What I'm seeing mostly in your post here is that you are making the incorrect assumption that the tooltip is telling you something about the data on this specific market graph when in fact it is not. When I first started using these graphs I encountered the same confusion but eventually figured out that the tooltip is just telling you your position on the graph, not the sales.

It's just a tooltip, it just tells you something about where the cursor is on the actual graph, but it doesn't know anything about the lines and the actual sales represented, just the position on the graph and the scales being used on that graph, that is all.

Only read Legend's message after writing it up :) Reinforcing his statement.
The new market graph system is a lot easier to work with, I don't understand why they don't update the auction market graph with it... But I kinda do understand when the code is made of spaghetti :p
 
Its a very archaic system actualy, meanwhile it's so bad they made a totally "new" market charter for the deed system.

If my understanding of those graphs is right (I certainly hope it is, otherwise it doesnt make any sense to me) the tooltip is showing you all the stats for all the lines in that specific grid position. Is this useful? Kind of, but not really. So What I do is check both for curiosity (you can see how people manipulate certain items with it too).
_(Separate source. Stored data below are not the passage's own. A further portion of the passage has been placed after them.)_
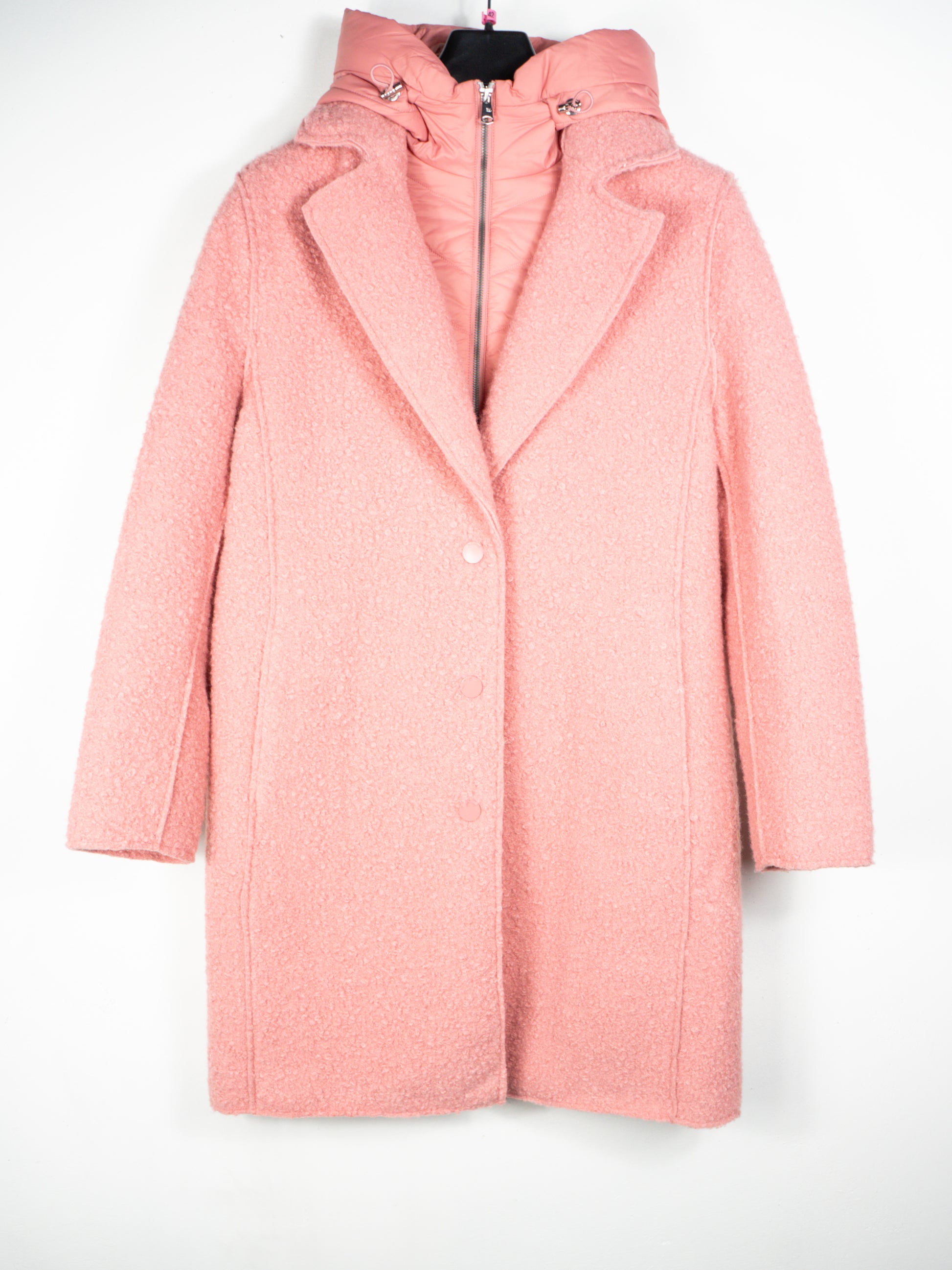 Mētelis ar stepētu iekšpusi. Noņemama kapuce un siltinājums priekšpusē. Kapuci var savilkt. 100% poliesters.
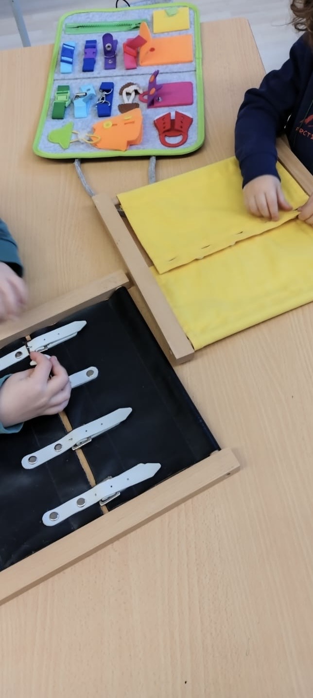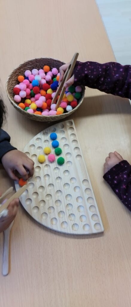 Mans manetes: En aquest espai treballem la motricitat fina a través de diferents propostes manipulatives com ara classificació amb pinces, cordar botons, enfilar…
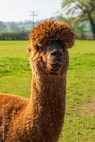 © Toms, Fototapeta premium Funny looking brown alpaca at farm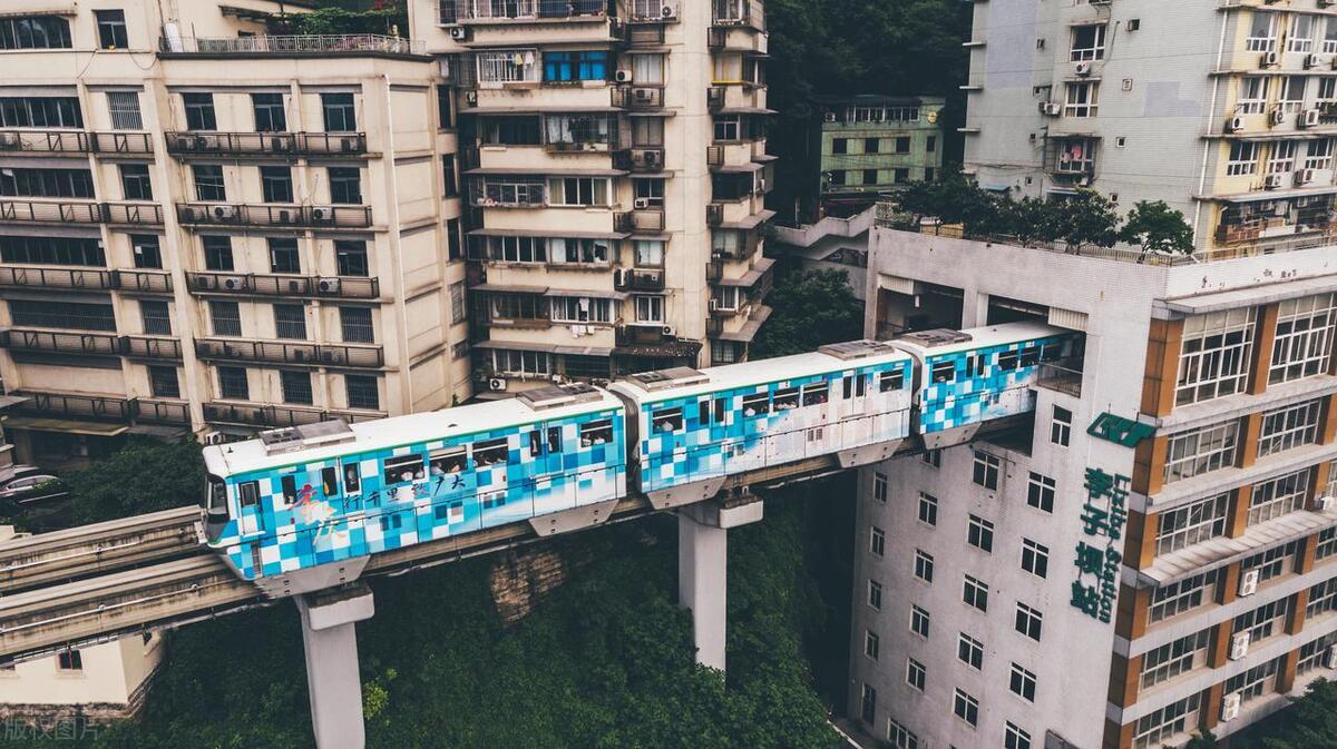 李子壩輕軌站,輕軌穿樓而過的奇觀,一個滿足外地人好奇心的景點。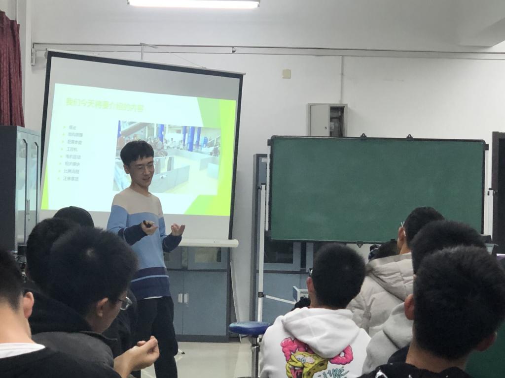 徐雨桐同学首先介绍了无人竞速车的结构,并着重讲述了激光雷达的作用及工作原理,随后,简要介绍了竞速车所需的操作系统,描述了竞速车构图过程,并展示了比赛视频。而后,周原锐同学介绍了助老服务型机器人的功能、模块构成以及比赛的流程和规则,并分享了自己在比赛中收获的经验。最后,两位同学对机器人进行了演示。观看演示的19级同学们不时向学长学姐提出问题,现场气氛十分热烈。

Notice on the oils for example: the peaks on the "markup" line coincide with great depressions on the "sales" line, which makes me conclude it was someone who sold a smaller stack of items for an unreasonable markup, for whatever reason.
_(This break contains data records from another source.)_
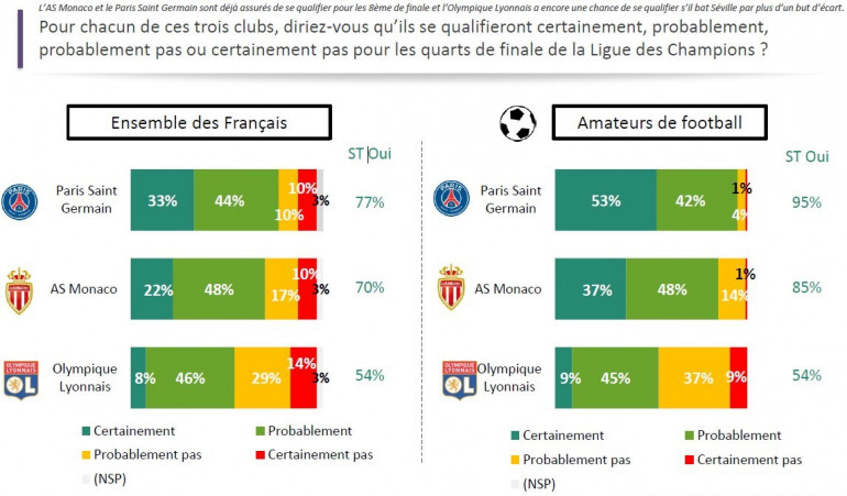Dans l'hypothèse, toutefois, d'une qualification du club de Jean-Michel Aulas, une courte majorité de Français, 54%, le voit franchir ces 8es de finale. Pour le PSG et Monaco, la proportion grimpe respectivement à 77% et 70%. Parmi les amateurs de ballon rond, cela ne fait quasiment aucun doute, Paris sera en quarts (95% des sondés l'envisagent). Monaco jouit également d'un bon pré-sentiment (80%).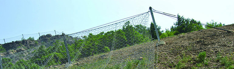 Пассивная противокамнепадная защита. Наши барьеры для смягчения камнепадов (также известные как гибридные барьеры) сочетают функции поглощения энергии динамическим камнеулавливающим барьером и драпировки. Они используются как пассивное сооружение для смягчения последствий камнепада. Не оканчиваясь при закреплении нижним опорным тросом, защитная сетка делается длиннее и перекрывает часть нижележащего склона, где она в состоянии замедлить падение камней.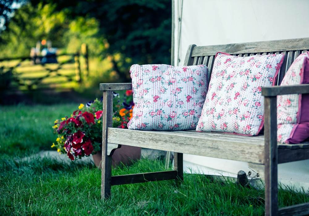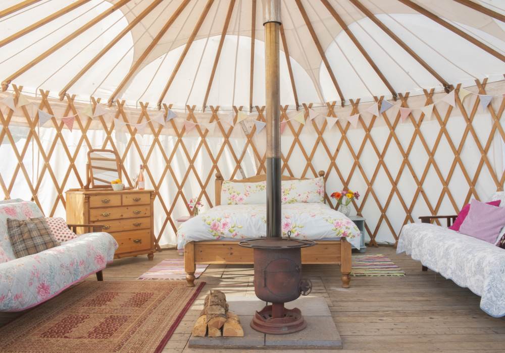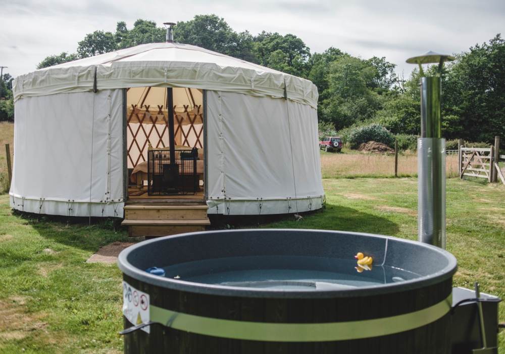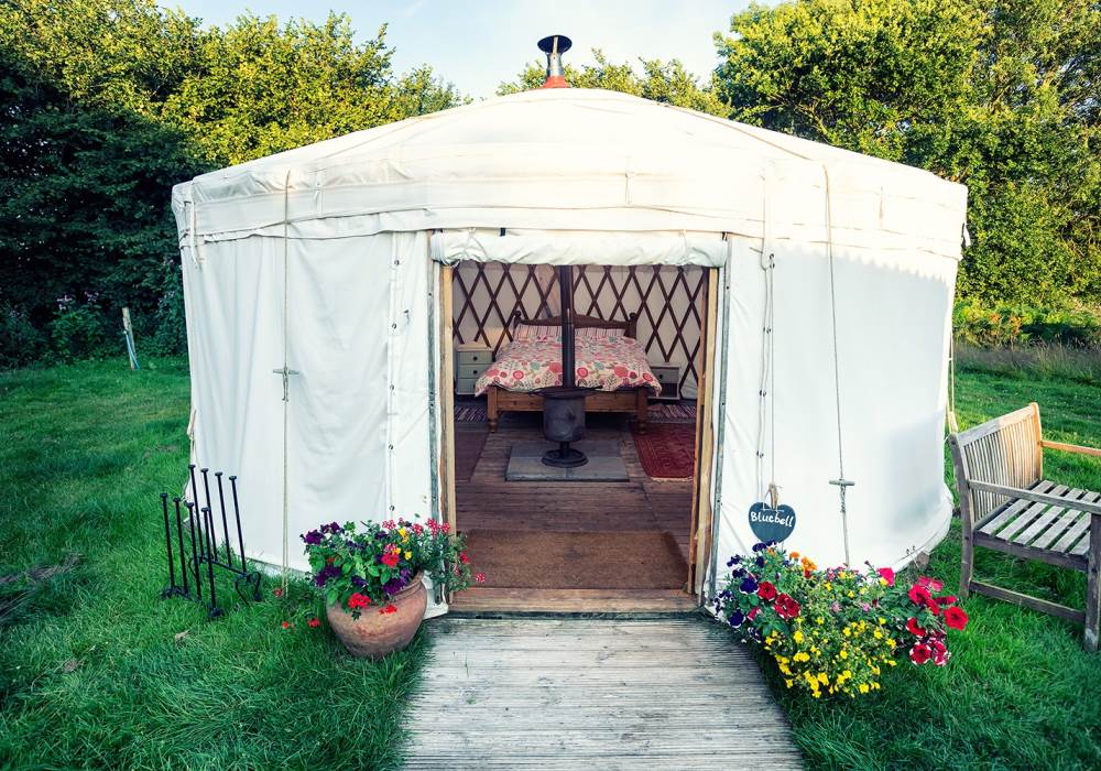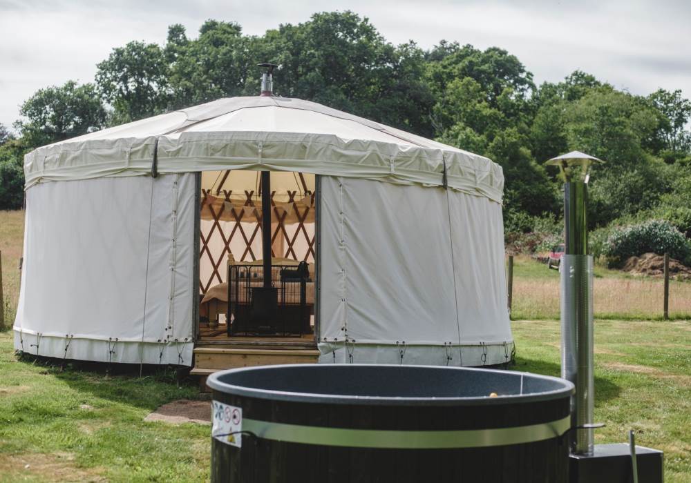 Beautiful Sweet Pea Yurt is one of our more secluded options, tucked away behind tall trees in a sunny meadow all of its own. Sweet Pea sleeps up to four with a double bed and two sofa beds. You will find rugs, cushions and a cute little woodburner stove to keep the yurt cosy and warm. Next to Sweet Pea is its own wood-fired hot tub, perfect for relaxing under the stars in the evenings or just enjoying watching the swallows fly overhead in summertime.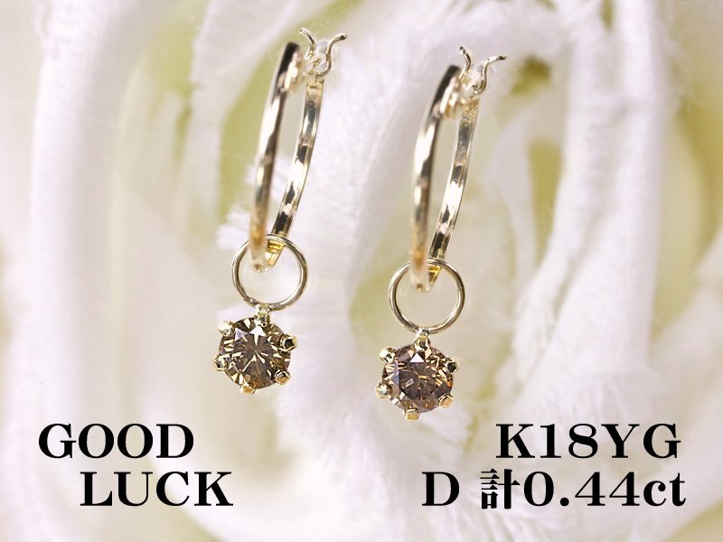 - 【新品・未使用】1円~最落無 天然ダイヤモンド 計0.44ct,K18YG 耳元で揺れながら煌めく 2WAY ダイヤモンド フープピアス (遮断式)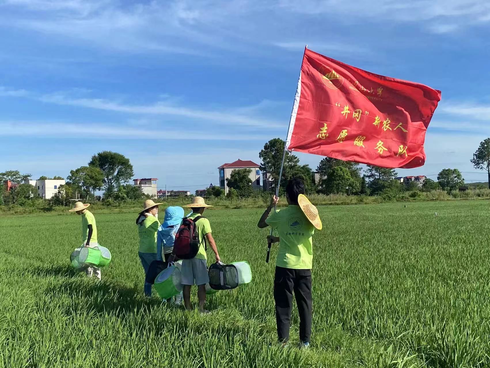 7月18日,井冈山大学“井冈”新农人志愿服务队深入田间展开了一场特殊的实践活动,他们在生命科学学院肖永红教授的指导下,在水稻试验田人工投放天敌蜘蛛,以达到控制害虫的目的。这些稻田采用“蛛联庇禾”技术,以生物防治的方式防控水稻病虫草害,保护农作物,实现水稻零农药种植,支持和促进当地的农业可持续发展。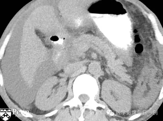 胰腺周围可见液体及线条影在平扫及增强均显示。

One thing worth noting is if the markup line is super volatile, then it gets super hard to check the sales line for an accurate number.



Only read Legend's message after writing it up :) Reinforcing his statement.
The new market graph system is a lot easier to work with, I don't understand why they don't update the auction market graph with it... But I kinda do understand when the code is made of spaghetti :p


Lol yeah much appreciated, hopefully they updated but it makes a lot more sense now people have took the time to explain it.

So many thanks to everyone who contributed.
 
7rc84GY.png

To clarify another possible point of confusion, the fact that you see 20 PED of volume line up with 250% markup is more or less arbitrary. You should think of the green/red price lines as living on a separate graph from the blue/purple volume lines. When the MV History algorithm pastes those two graphs together, it scales the x-axes to match each other, and so you can correlate price and volume data by looking at any specific column of pixels. However, the y-axes cannot be scaled to match as they have different units, so the left y-axis indicates price, and the right y-axis indicates volume, and the decision of how to scale them relative to each other is just an arbitrary choice made by the algorithm. The reason I call it "more or less" arbitrary is because the algorithm does decide this based on some objective criteria; it tries to spread the bulk of the data vertically across the graph so that it fits on screen and is not too cramped, and this could be non-arbitrary and even useful for some sort of analysis, but it's important not to derive more meaning from this relative scaling than is actually present.